3.1 Universal Sentence Encoder

Here we describe the transfer learning based algorithm we used to extract features for performing author profiling, which is called Universal Sentence Encoder (USE) [3]. Although this method is not designed specifically to perform author profiling, it has certain characteristics that can be used for this task. The Universal Sentence Encoder encodes text in high-dimensional vectors so that it can be used for text classification, semantic similarity, clustering, and other natural language tasks. The model is trained in a variety of text data sources and a variety of tasks in order to dynamically accommodate a wide variety of natural language comprehension tasks. Specifically, USE has two models to encode documents in word vectors, one makes use of the architecture based on averages called Deep Averaging Network (DAN) [9], while the other is based on a convolutional neural network for document classification [11]. These architectures are detailed below for a better understanding:

  1. 1.

    Deep Averaging Network: This architecture works in three steps:

  • Average the vectors associated to a token sequence

  • Pass the average through one or more layers of a Feed Forward

  • Make the linear classification in the last layer

  1. 2.

    Convolutional Neural Network: This type of network, receives a a document as a sequence of vectors in the input layer. It applies the average sampling (average pooling) to convert the word vectors into a document vector representation of fixed length. Document vectors are obtained after averaging the word vectors through one or more feed forward layers with fully connected layers.

For this work we used a USE model trained in multiple tasks across 16 languages, including Spanish. USE receives as input a text of variable length in any of the languages in which it was trained and the output is a vector of 512 dimensions. The USE model we use is available from the TensorFlowHubFootnote 1 page and can be freely downloaded. In addition to this model, there are several versions of trained USE models with different objectives, including multilingual, size/performance and question-answer systems.

So, in our approach USE receives a 100 tweets samples for each user. In this way the convolutional network will transform them into a vector of 512 dimensions, using the language model that we had already learned and updating with the new textual samples from Twitter.

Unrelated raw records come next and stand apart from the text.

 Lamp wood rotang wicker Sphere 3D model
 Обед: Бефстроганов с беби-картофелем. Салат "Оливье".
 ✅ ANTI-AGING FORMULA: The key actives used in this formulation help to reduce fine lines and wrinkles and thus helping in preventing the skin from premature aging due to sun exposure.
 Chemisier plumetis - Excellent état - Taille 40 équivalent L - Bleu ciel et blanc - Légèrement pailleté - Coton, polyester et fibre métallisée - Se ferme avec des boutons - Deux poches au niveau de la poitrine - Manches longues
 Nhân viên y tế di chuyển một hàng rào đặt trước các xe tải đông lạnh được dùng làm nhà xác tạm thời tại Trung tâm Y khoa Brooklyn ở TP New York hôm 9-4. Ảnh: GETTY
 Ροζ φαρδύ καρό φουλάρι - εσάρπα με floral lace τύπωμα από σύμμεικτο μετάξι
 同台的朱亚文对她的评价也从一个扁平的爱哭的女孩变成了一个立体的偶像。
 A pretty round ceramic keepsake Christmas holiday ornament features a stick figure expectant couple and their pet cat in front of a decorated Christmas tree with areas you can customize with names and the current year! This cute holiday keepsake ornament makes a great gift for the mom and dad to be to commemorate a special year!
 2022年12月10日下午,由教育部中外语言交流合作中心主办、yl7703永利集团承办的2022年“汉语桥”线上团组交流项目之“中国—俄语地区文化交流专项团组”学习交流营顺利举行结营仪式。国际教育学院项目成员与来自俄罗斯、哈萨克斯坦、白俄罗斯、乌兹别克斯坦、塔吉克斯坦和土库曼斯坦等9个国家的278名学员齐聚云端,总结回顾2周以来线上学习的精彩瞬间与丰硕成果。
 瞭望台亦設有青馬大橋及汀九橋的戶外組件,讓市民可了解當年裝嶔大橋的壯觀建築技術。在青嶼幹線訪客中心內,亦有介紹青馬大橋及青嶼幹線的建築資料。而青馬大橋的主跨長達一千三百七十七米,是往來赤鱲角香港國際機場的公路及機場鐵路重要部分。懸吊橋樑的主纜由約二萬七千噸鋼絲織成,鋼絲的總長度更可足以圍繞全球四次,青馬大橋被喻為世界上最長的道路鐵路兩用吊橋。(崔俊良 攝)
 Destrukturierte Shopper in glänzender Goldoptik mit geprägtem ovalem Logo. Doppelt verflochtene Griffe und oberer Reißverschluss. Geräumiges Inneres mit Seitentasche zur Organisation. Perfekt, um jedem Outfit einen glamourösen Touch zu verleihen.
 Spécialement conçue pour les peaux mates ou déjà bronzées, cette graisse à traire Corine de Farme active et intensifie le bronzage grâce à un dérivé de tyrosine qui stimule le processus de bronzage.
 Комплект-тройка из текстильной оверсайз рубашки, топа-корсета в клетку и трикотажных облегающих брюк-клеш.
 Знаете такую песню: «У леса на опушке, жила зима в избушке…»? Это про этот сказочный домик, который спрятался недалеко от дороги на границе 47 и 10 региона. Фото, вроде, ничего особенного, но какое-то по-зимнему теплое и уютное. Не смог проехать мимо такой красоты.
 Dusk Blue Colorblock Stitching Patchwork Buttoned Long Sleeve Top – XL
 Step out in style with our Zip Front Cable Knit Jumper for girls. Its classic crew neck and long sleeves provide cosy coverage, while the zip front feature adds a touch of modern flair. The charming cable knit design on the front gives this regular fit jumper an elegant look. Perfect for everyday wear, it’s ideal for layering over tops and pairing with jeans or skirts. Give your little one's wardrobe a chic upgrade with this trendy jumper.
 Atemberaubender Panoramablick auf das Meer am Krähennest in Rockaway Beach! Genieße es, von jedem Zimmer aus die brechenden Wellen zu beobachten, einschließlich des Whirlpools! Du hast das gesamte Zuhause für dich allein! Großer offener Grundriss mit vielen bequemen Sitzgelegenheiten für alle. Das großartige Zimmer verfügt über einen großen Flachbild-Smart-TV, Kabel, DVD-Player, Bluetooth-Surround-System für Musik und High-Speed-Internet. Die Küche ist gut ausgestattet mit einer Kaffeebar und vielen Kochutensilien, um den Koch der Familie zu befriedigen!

4 Experimental Settings and Results

In this section, we describe the experiments carried out in order to obtain the author profile of Twitter users. First, we describe the evaluation corpus, then baseline results are presented, and finally results are shown using our proposed methodology. This baseline results are obtained by the combination of the different types of features (bag or words and N-grams), trained on two classification algorithms and several preprocessing variants (without emojis, without slangs, etc.). For all baseline experiments, the TF-IDF (mentioned above) weighting scheme is used.

4.1 Corpus Description

For training and evaluating our AP approach we used the corpus of PAN2017 competition [15], which was compiled from Twitter in Spanish. Gender and age information has been provided by the users themselves based on an online questionnaire. The corpus consists of 600 users of various nationalities: Mexican, Colombian, Peruvian, Argentine, Chilean, Venezuelan. 50% are male and the other 50% female.

Gender

Authors

Tweets

Male

2100

21000

Female

2100

21000

Total

4200

42000

4.2 Experimental Settings and Results

We performed several experiments considering bag of words and character N-grams as features. For each feature set we evaluated the impact of specific preprocessing strategies. The author profiling models obtained with the different settings were evaluated in terms of F-1, precision, recall and accuracy. Table 1 shows the results obtained with the logistic regression classification algorithm. The Characteristics column indicates whether the word bag (BoW) or character N-gram (N-char) is used, the Dim column indicates the amount of features extracted and therefore features vector dimensionality. Accuracy assessment measures (STD, the standard deviation of accuracy) are computed. The Preprocessing column indicates which strategy was followed in each experiment; in this case NONE indicates that no preprocessing was performed in that experiment, without Emojis indicates that the emojis were removed, as well as URL’s, Hashtags, etc. It can be seen that the preprocessing strategy with which the best results are obtained is when user mentions are removed, which allows to infer that these are the ones that provide less information regarding the gender of the person who wrote the tweet.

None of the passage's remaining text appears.